The remainder of this post will be focused on advanced tuning for DSE Search both for a) search indexing latency (the time it takes for data to be searchable after it has been inserted through cql), and b) search query latency (timings for your search requests).

Indexing latency

In this section I'll talk about the kinds of things we can do in order to

instrument and monitor DSE Search indexing and
tune indexing for lower latencies and increased performance

Note: DSE Search ships with Real Time (RT) indexing which will give you faster indexing with 4.7.3, especially when it comes to the tails of your latency distribution. Here's one of our performance tests. It shows you real time vs near-real time indexing as of 4.7.0:

indexing chart

Perhaps more importantly, as you get machines with more cores, you can continue to increase your indexing performance linearly:
rt vs nrt

Be aware, however, that you should only run one RT search core per cluster since it is significantly more resource hungry than near-real time (NRT).

Side note on GC: Because solr and cassandra run on the same JVM in DSE Search and the indexing process generates a lot of java objects, running Search requires a larger JVM Heap. When running traditional CMS, we recommend a 14gb heap with about 2gb new gen. Consider the Stump's CASSANDRA-8150 settings when running search with CMS. G1GC has been found to perform quite well with search workloads, I personally run with a 25gb heap (do not set new gen with G1, the whole point of G1 is that it sets it itself based on your workload!) and gc_pause_ms at about 1000 (go higher for higher throughput or lower to minimize latencies / p99's; don't go below 500). Update (thanks mc) you configure this setting in cassandra-env.sh.

1) Instrumentation

Index Pool Stats:

DSE Search parallelizes the indexing process and allocates work to a thread pool for indexing of your data.

Using JMX, you can see statistics on your indexing threadpool depth, completion, timings, and whether backpressure is active.
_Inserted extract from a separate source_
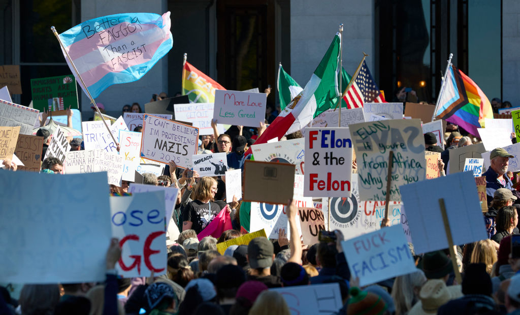 Less than a month into Trump’s second term, some of the most widely critiqued moves of the Trump administration, according to signs and protesters, have been: the unprecedented overreach of Elon Musk’s Department of Government Efficiency (DOGE), which has slashed thousands of federal jobs across DEI and government watchdog sectors; the implementation of many aspects of Project 2025 at the federal level, including shutting down USAID, attacking the Department of Education and halting federal aid, including food assistance programs, Head Start and funding for domestic violence shelters; and pardoning Jan. 6 participants and antiabortion extremists.

This is important because if your indexing queues get too deep, we risk having too much heap pressure => OOM's. Backpressure will throttle commits and eventually load shed if search can't keep up with an indexing workload. Backpressure gets triggered when the queues get too large.

The mbean is called:

com.datastax.bdp.search.<keyspace>.<table>.IndexPool

Indexing queues

Commit/Update Stats:

You can also see statistics on indexing performance (in microseconds) based on the particular stage of the indexing process for both commits and updates.

Commit:

The stages are:

FLUSH - Comprising the time spent by flushing the async indexing queue.
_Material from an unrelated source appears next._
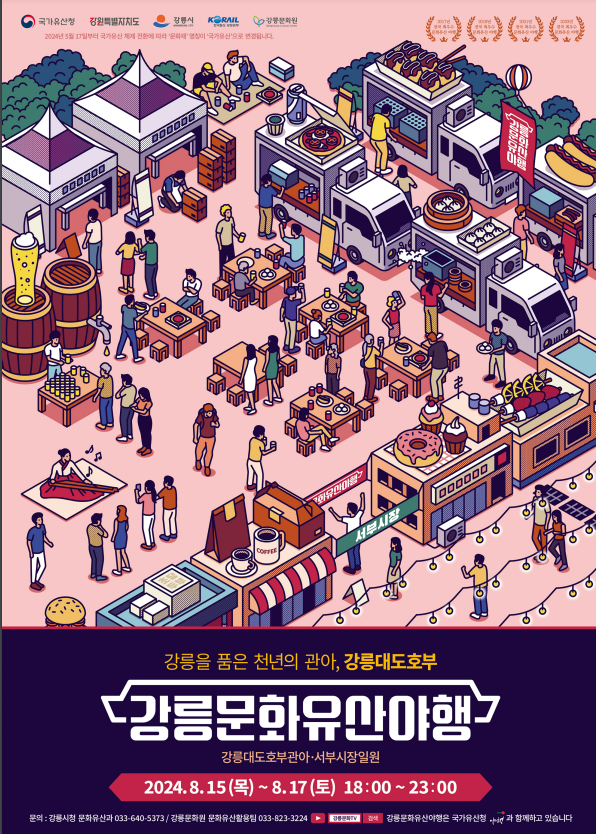 | 2024.08.15 ~ 2024.08.17 | 강원특별자치도 강릉시 임영로131번길 6 강릉대도호부관아 | 033-823-3224 |

EXECUTE - Comprising the time spent by actually executing the commit on the index.

The mbean is called:

com.datastax.bdp.search.<keyspace>.<table>.CommitMetrics

Update:

The stages are:

WRITE - Comprising the time spent to convert the Solr document and write it into Cassandra (only available when indexing via the Solrj HTTP APIs). If you're using cql this will be 0.
QUEUE - Comprising the time spent by the index update task into the index pool.
PREPARE- Comprising the time spent preparing the actual index update.
EXECUTE - Comprising the time spent to actually executing the index update on Lucene.

The mbean is:

`com.datastax.bdp.search.<keyspace>.<table>.UpdateMetrics`

indexing stats

Here, the average latency for the QUEUE stage of the update is 767 micros. See our docs for more details on the metrics mbeans and their stages.

2) Tuning

Almost everything in c* and DSE is configurable. Here's the key levers to get you better search indexing performance. Based on what you see in your instrumentation you can tune accordingly.

The main lever is soft autocommit, that's the minimum amount of time that will go by before queries are available for search. With RT we can set it to 250 ms or even as low as 100ms--given the right hardware. Tune this based on your SLA's.

The next most important lever is concurrency per core (or max_solr_concurrency_per_core). You can usually set this to number of CPU cores available to maximize indexing throughput.

Backpressure threshold will become more important as your load increases. Larger boxes can handle higher bp thresholds.

Don't forget to set up the ramBuffer to 2gb per the docs when you turn on RT indexing.

Query Latency

Now, I'll go over how we can monitor query performance in DSE Search, identify issues, and some of the tips / tricks we can use to improve search query performance. I will cover how to:

instrument and monitor DSE Search indexing and
tune indexing for lower latencies and increased performance.

Simliar to how search indexing performance scales with CPU's, search query performance scales with RAM. Keeping your search indexes in OS page cache is the biggest thing you can do to minimize latencies; so scale deliberately!

1) Instrumentation

There are multiple tools available for monitoring search performance.

OpsCenter:

OpsCenter supports a few search metrics that can be configured per node, datacenter, and solr core:

search latencies
search requests
index size
search timeouts
search errors

opscenter

Metrics mbeans:

In the same way that indexing has performance metrics, DSE Search query performance metrics are available through JMX and can be useful for troubleshooting perofrmance issues. We can use the query.name parameter in your DSE Serch queries to capture metrics for specifically tagged queries.

Query:

The stages are:

COORDINATE - Comprises the total amount of time spent by the coordinator node to distribute the query and gather/process results from shards. This value is computed only on query coordinator nodes.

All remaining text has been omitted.